**Task objective:** Quote exactly, and only, the lines of the material below from the line with "Folgende Menüs gehören" through the line with "Icône du cinéma".

**Dataset excerpts:**
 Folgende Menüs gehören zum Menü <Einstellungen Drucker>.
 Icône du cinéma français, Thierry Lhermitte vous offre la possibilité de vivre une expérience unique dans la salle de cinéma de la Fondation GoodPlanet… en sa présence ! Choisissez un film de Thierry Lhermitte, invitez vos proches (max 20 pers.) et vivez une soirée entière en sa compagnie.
...
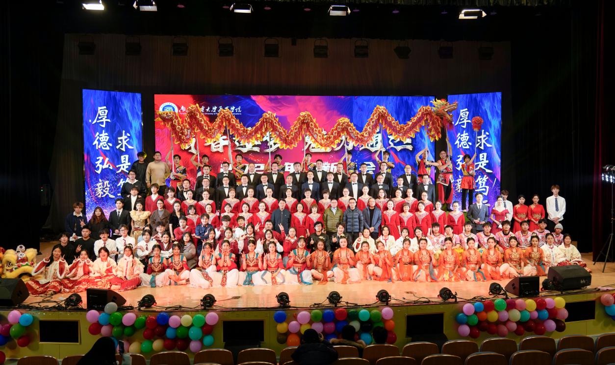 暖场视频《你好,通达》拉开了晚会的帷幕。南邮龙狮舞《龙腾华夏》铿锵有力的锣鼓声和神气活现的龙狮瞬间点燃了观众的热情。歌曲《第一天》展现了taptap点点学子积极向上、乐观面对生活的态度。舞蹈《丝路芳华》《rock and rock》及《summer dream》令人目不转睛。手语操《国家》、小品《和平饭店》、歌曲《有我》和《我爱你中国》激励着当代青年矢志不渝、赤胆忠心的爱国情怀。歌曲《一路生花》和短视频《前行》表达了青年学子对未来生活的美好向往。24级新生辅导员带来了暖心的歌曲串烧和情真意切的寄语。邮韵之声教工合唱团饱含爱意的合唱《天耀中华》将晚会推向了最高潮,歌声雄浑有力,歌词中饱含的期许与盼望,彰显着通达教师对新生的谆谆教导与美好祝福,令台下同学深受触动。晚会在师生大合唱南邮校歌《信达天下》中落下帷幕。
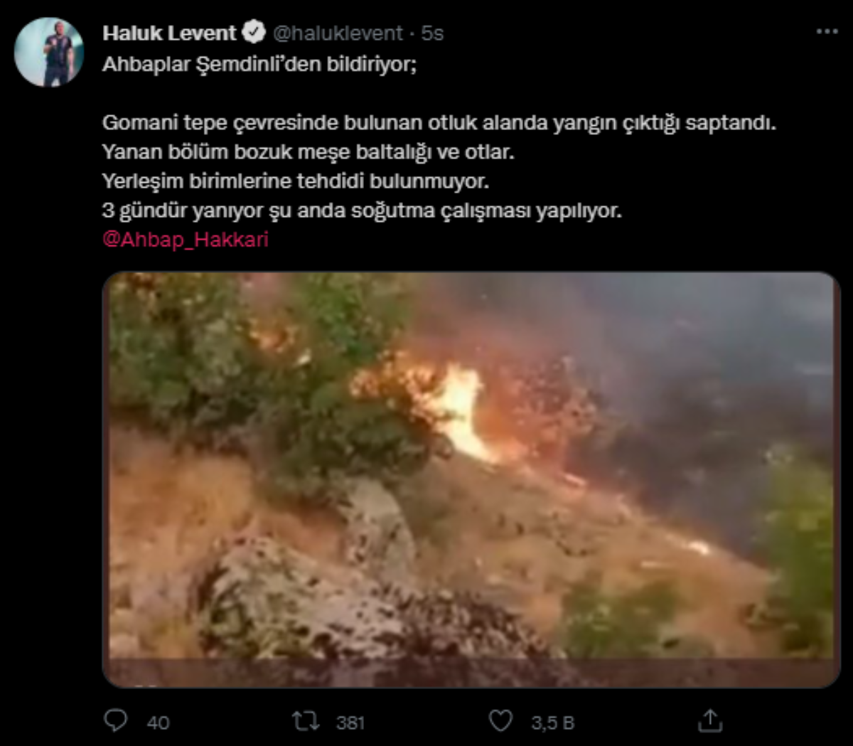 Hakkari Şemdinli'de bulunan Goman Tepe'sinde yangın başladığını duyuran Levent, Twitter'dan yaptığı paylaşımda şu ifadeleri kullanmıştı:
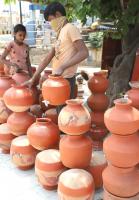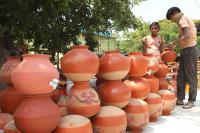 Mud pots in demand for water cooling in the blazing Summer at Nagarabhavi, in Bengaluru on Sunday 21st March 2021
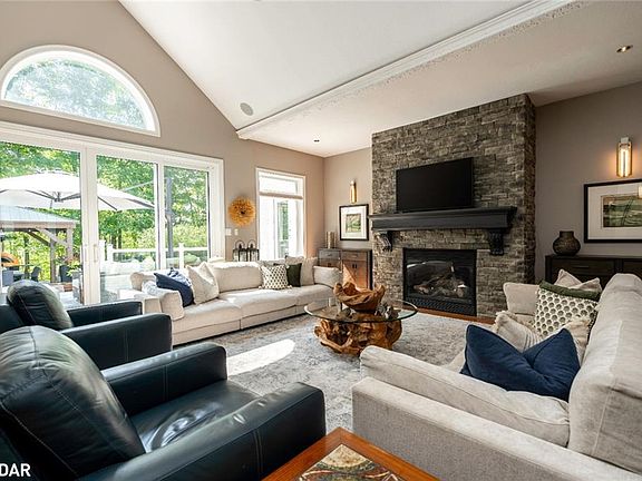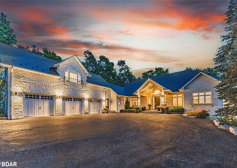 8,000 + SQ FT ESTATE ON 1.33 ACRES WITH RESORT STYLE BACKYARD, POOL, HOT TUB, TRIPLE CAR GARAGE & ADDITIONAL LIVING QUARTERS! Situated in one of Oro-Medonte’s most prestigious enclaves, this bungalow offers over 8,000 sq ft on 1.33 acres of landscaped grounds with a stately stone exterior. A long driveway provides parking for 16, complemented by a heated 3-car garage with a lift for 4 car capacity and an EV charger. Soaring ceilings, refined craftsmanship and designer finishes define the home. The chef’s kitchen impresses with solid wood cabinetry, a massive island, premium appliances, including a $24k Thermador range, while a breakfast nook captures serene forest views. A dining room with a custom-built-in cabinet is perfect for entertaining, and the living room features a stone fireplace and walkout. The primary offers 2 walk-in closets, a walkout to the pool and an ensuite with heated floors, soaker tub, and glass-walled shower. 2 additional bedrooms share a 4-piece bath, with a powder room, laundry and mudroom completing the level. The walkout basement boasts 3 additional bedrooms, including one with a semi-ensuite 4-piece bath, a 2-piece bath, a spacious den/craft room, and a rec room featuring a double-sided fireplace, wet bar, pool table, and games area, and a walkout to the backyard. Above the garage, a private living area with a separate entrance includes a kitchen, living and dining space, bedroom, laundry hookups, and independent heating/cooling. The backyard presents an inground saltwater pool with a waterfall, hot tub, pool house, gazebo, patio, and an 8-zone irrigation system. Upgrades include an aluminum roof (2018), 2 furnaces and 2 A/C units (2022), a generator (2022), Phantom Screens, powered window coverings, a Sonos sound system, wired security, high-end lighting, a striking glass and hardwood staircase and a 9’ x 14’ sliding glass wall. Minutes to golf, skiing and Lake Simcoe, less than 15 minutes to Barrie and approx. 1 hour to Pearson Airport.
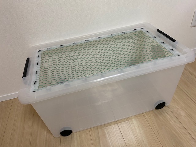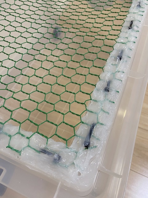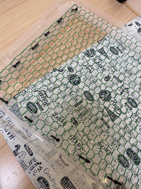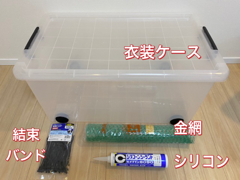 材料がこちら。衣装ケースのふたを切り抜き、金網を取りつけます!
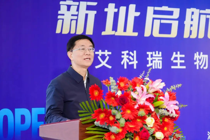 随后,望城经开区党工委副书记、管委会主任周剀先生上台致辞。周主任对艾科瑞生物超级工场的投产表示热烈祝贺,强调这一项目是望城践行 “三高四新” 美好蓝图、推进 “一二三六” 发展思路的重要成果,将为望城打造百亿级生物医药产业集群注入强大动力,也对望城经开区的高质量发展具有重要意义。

**Response to this exercise:**
 Folgende Menüs gehören zum Menü <Einstellungen Drucker>.
 Icône du cinéma français, Thierry Lhermitte vous offre la possibilité de vivre une expérience unique dans la salle de cinéma de la Fondation GoodPlanet… en sa présence ! Choisissez un film de Thierry Lhermitte, invitez vos proches (max 20 pers.) et vivez une soirée entière en sa compagnie.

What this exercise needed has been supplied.